Find "Jadeite Mother-and-Child Button" below and begin at its line; stop after the line with "第四步:記得先兌換然後再左邊". Output those lines exactly, without pictures.

Segment Start: DATA RECORDS

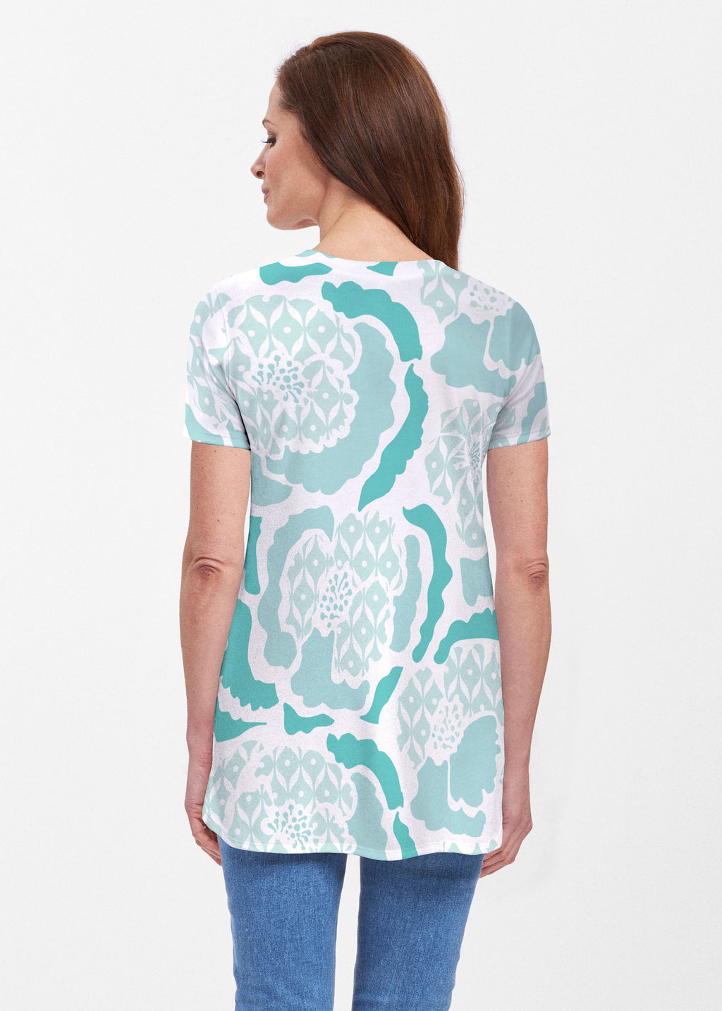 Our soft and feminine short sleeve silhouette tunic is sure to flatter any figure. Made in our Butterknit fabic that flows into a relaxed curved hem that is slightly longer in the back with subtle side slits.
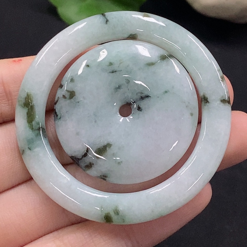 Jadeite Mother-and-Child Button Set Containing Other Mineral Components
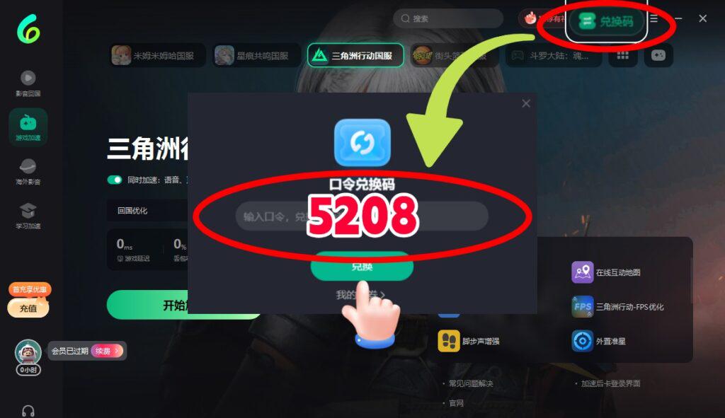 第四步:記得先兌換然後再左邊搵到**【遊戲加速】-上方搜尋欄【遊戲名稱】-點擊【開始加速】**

Segment End: DATA RECORDS
Segment Start: DATA RECORDS

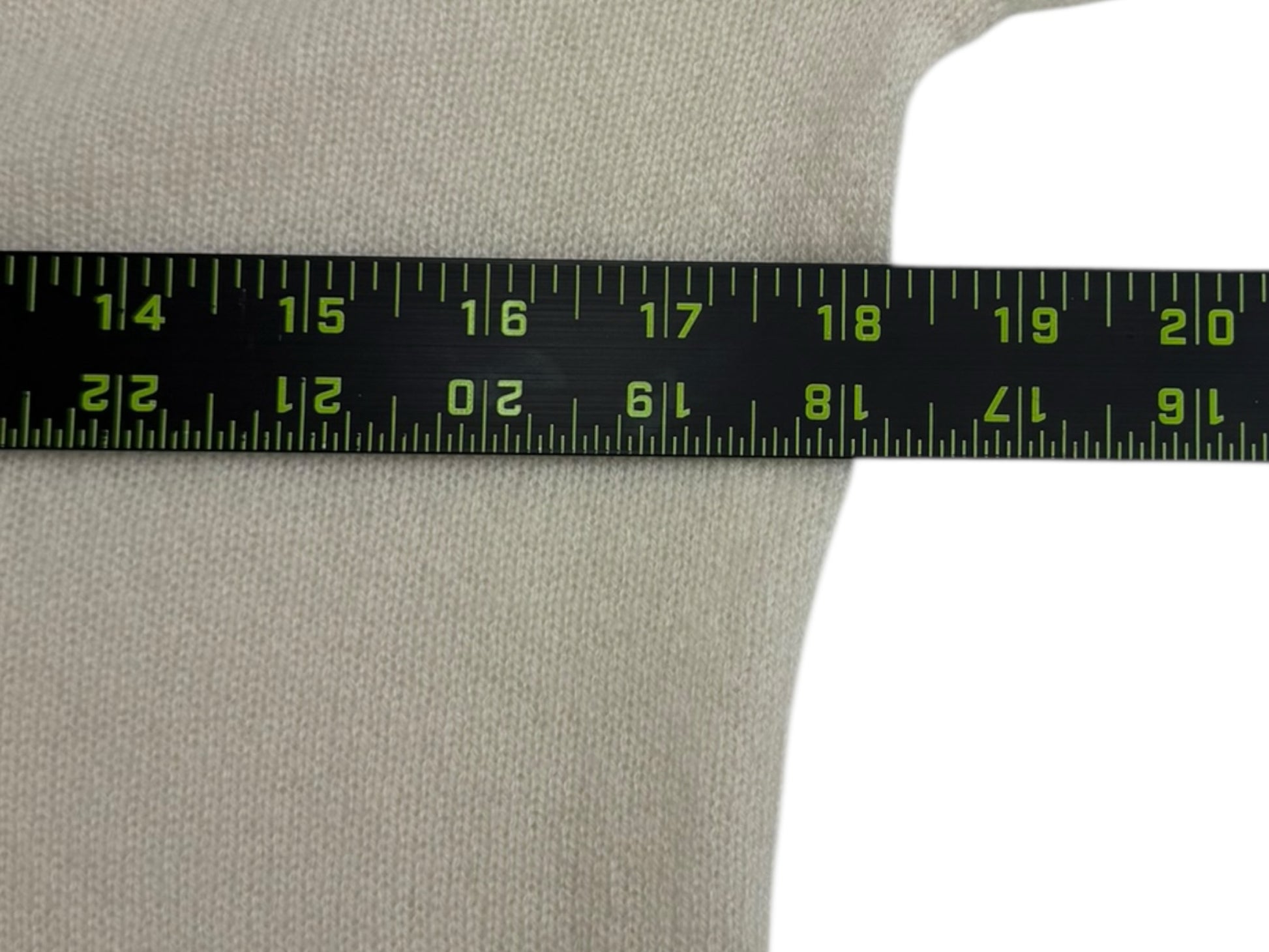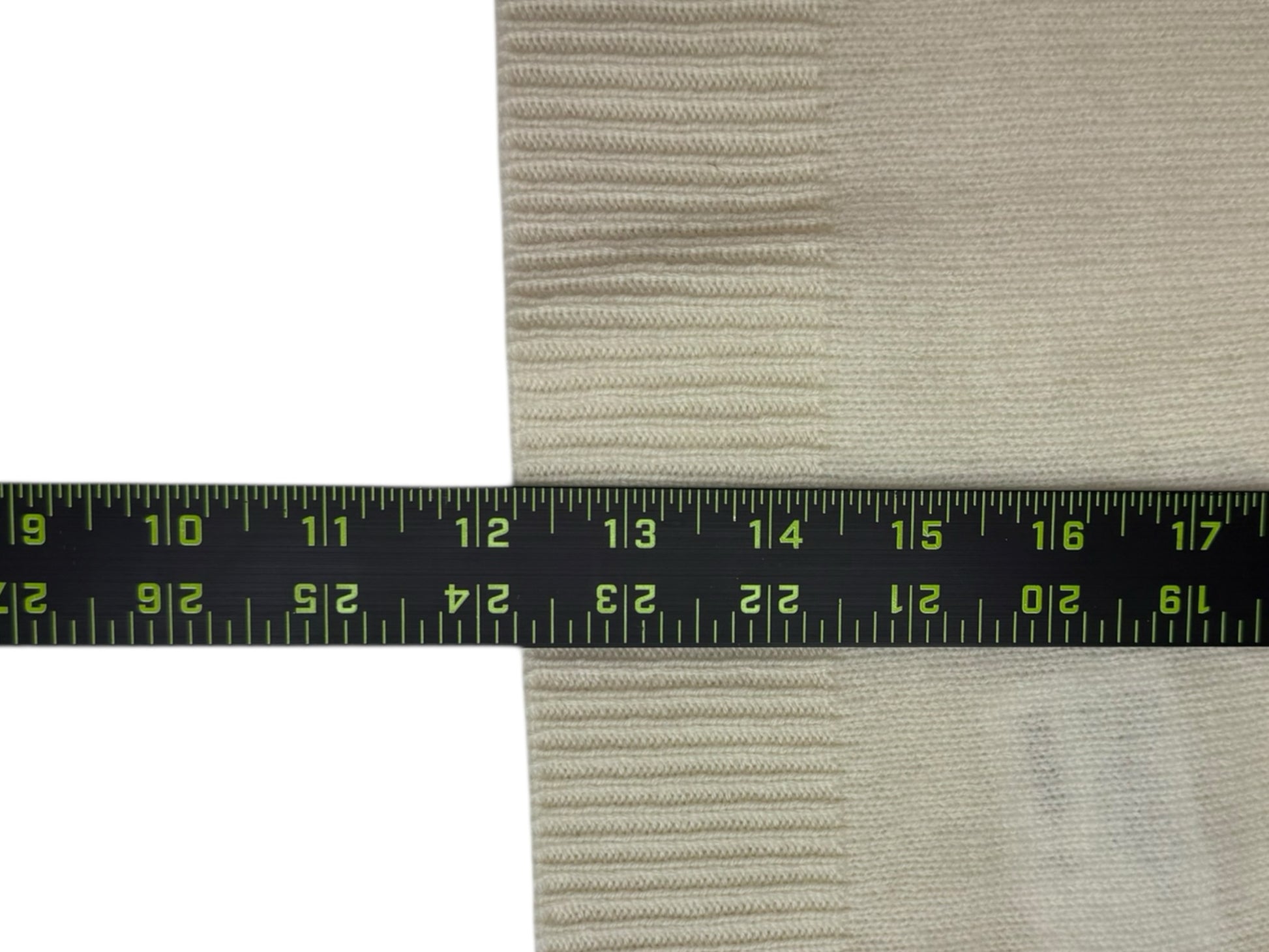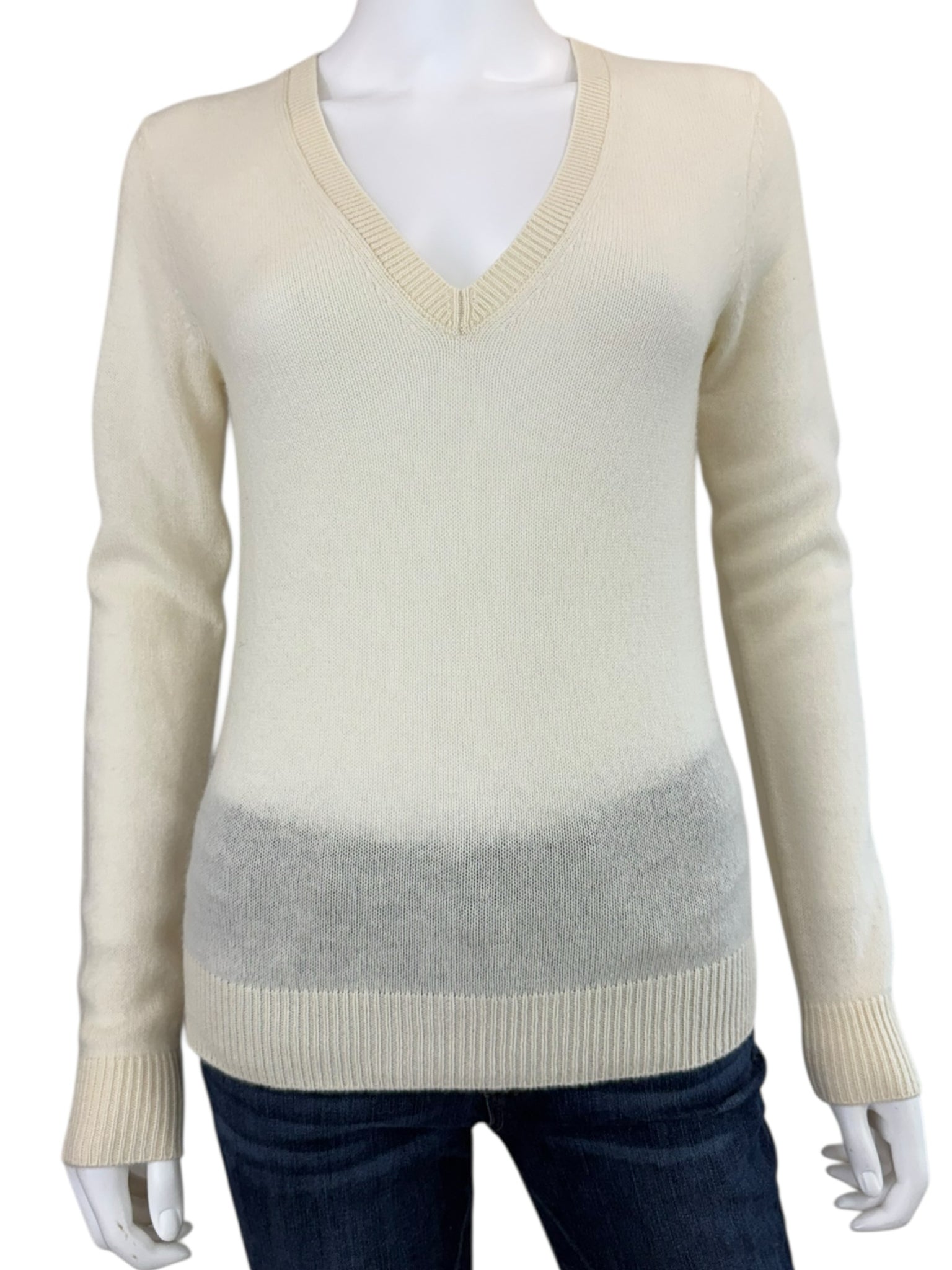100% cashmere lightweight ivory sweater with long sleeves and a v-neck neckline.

Segment End: DATA RECORDS

§ **PROBLEM SOLUTION**:
 Jadeite Mother-and-Child Button Set Containing Other Mineral Components
 第四步:記得先兌換然後再左邊搵到**【遊戲加速】-上方搜尋欄【遊戲名稱】-點擊【開始加速】**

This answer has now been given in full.